To conclude, the discussion in this essay has demonstrated how global sports law to some extent can be said to be a fact in existence because there is self-regulation and autonomy of sports federations and bodies that have been accepted by courts in the national as well as international settings. At the same time, there is evidence that demonstrates how national laws and the international laws also apply especially where public law or rule of law is applicable. This is most particularly seen in the area of human rights. Examples in this essay have included provisions from the TFEU, the Competition Act 1998 and other laws in countries like the United States, which have been applied to situations concerning arrangements or regulations of the sports bodies. This represents the fact that there is applicability of laws over sports.
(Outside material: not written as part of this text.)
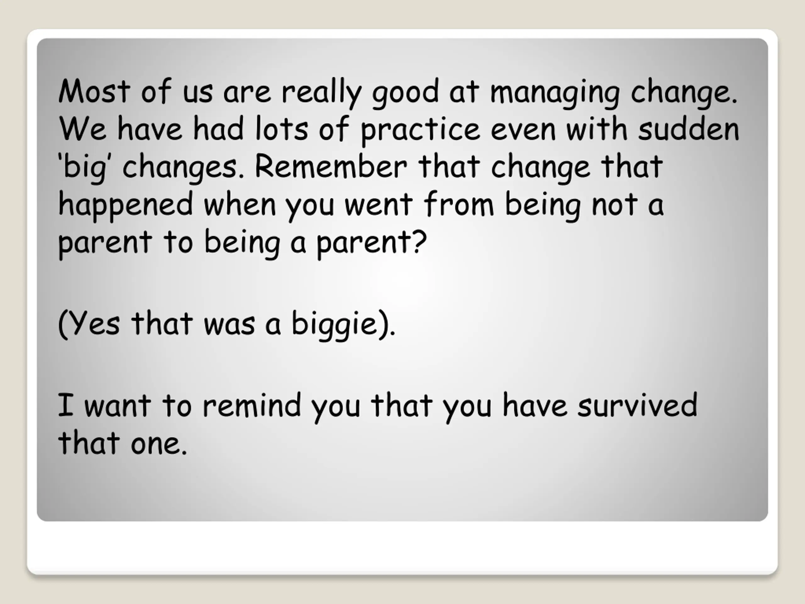 Most of us are really good at managing change. We have had lots of practice even with sudden big changes. Remember that change that happened when you went from being not a parent to being a parent? (Yes that was a biggie). I want to remind you that you have survived that one.

This essay also provided evidence in the form of case law that have demonstrated the applicability of general laws over sports. What can be said that in certain situations, such as those involving human rights of athletes and the abuse of dominant position of sports bodies to impose unilateral rules over the athletes, the general law will apply. The conclusion can then be that global sports law, while it does exist, does not preclude the application of national laws and international laws over the sports. Global sports law is not denied because the fact that there is regulation that is made by the sports bodies and institutions and such regulation is for the most part accepted and recognised by the general law.